The West also has a separate article about Equinox's copper mine in Zambia (Lumwana). I found the similarities between Lumwana and Reko Diq quite interesting: Lumwana has 13 billion pounds of copper with 0.6% - 0.8% grades. Reko Diq SO FAR has 15.8 billion pounds Cu with average grade of 0.57% and 0.29 g/t gold. PLUS TYC has massive areas of unexplored acreage - very likely to increase these numbers by a fair amount before we get to the development stage.
Note also that EQN has a market cap of $366 mill. In addition they just raised $170m in Canada, bringing their total market cap to over $500 mill.
TYC has a paltry market cap of $90 mill (note that the new JV means TYC has 50% of Reko Diq) - this to me suggests TYC should be trading at well over $1. I can't see it hanging around 70c for much longer. Maybe people are waiting for the BFS. I think if you wait that long you could miss out on a nice run to $1, then $2, then $5 ...
EQN states that the costs for Lumwana will be $US0.56 /lb ... I think something similar (or fractionally higher) could be used for TYC.
Even if you use only $0.50/lb as profit for TYC then you get a value of $4 BILLION !!!!! And thats not including anythign for the 11 million ounces of gold already discovered.
Note also that the Sar Chesmeh mine is in operation across the border in Iran - it has a similar size too. 1.2 billion tonnes at 0.8% Cu and 0.3 g/t Au.
Who operates the Saindak Cu mine next to Reko Diq? Is it the Chinese?
JOJO:
Hi Optionsman,
As I have said before I am not in TYC at the moment so have not followed the last updates on the Tanjeel resource and the latest copper grades.
But at the time I made my decision to let TYC go as I was focused first of all on the Tanjeel project as that would have been the first cash flow of the company. I made my decision to stick with the Phu Kam copper mine from PNA in Laos as they had next to the copper also gold credits which would be better economics both mines having low grades copper.
Funny enough both mines had to delay their BFS result as costs had increased and they needed more time /drilling results to work it all out.
Because of this delay the market has punished both companies and the share price does not want to move.
TYC has the luck to be in an ideal enviroment for heapleaching but they need water, which they have sourced from groundwater not too far from the mine.
Low grades will only be profitable when the volumes are high and with the right copper price.
The copper price is at the moment not a problem but where will it be in 2008???
So they can not use todays prices in their BFS but have to take a historical average which is probably around the $1 per pound
I had expected much more from tyc but it looks like real high grades are just a dream they are not present in the kind of resource TYC has.
So we can only hope for higher grades to make up for the less economical parts during mining.
Acording to the experts we will have high copper prices for some time to come and they believe that 2007 is going another good year for the red metal.
All this should keep the focus on copper mining companies and the share price.
Politically TYC will always be trading at a discount but with resources getting scarce mining in politcal risky enviroments will become more commonplace.
TYC will always be a gamble especially at this time with no cashflow or a mine in production but some of this risk has been taken away having a partner which is cashed up and the connections to get more funds when needed.
Lets hope for more good exploration results and ofcours an succesfull BFS and rapid mining construction to make the most of the current high copper prices.
jojo
OPTIONSMAN:
Thanks again for your thoughts Jojo.
Agree that the cost blow out and delay has hurt TYC quite a bit.

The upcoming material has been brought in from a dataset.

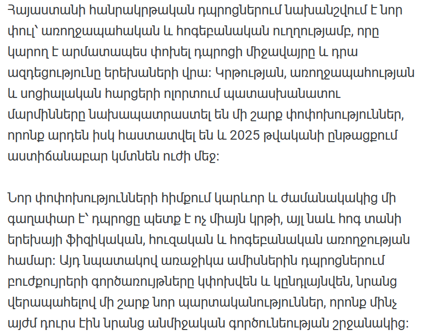 В государственных школах Армении наступает новый этап в сфере здравоохранения и психологического направления, который может кардинально изменить школьную среду и ее влияние на детей. Органы, отвечающие за образование, здравоохранение и социальные вопросы, подготовили ряд изменений, которые уже одобрены и постепенно вступят в силу в течение 2025 года.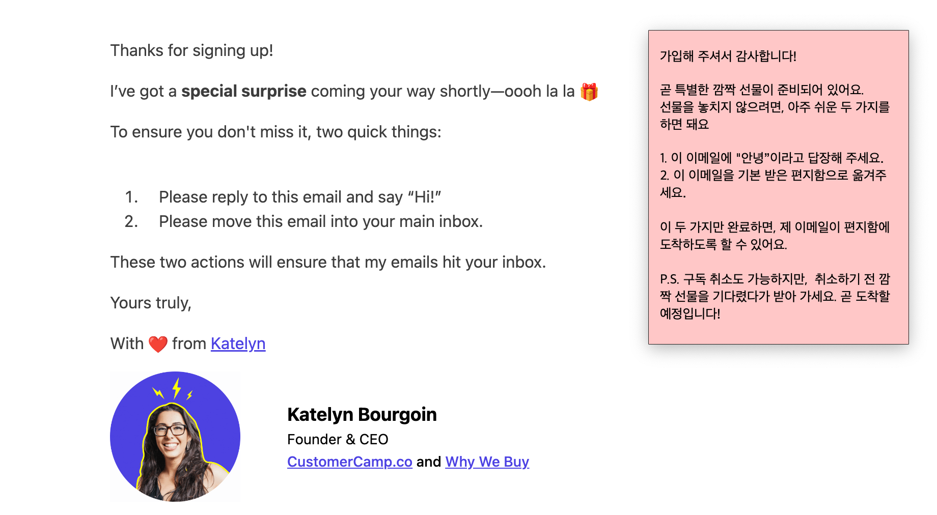 Katelyn은 웰컴 메일을 똑똑하게 세팅합니다. 메일에는 2가지 장치가 포함되어 있는데요. 1. 곧 깜짝 선물이 도착하니 잠시 기다려라 2. 선물이 메일함에 잘 도착하기 위해서는 간단한 액션을 해달라는 요청이었습니다. 액션은 정말 간단해요. 내 메일을 스팸함에서 꺼내 ‘기본 편지함’으로 옮기고, ‘안녕’만 쳐서 답장하면 끝입니다. 구독 타이밍이 뉴스레터에 가장 관심도가 높을 때임을 알고, 이를 공략해 구독자가 바로 행동할 수 있도록 만든거죠.

But now with the clawback option removed from the equation I think it simplifies things for TYC and can therefore look at the whole area and choose the best way forward.
But I am not sure I understand what the issue is with the low grades. As I mentioned in my last post there are many mines operating successfully with similar grades - EQN's Zambia mine forecasts a cost of only 56c / lb ... this is much lower than I expected. However, I dont know what type of operation is being used there. Do you?
As you say you need large volumes - but that isnt an issue here either. We know we have one of the largest resources in the world at Reko Diq already.
Am I missing something else though?
TYC
tethyan copper company limited
I found this on HC, thought the discussion was worth reposting...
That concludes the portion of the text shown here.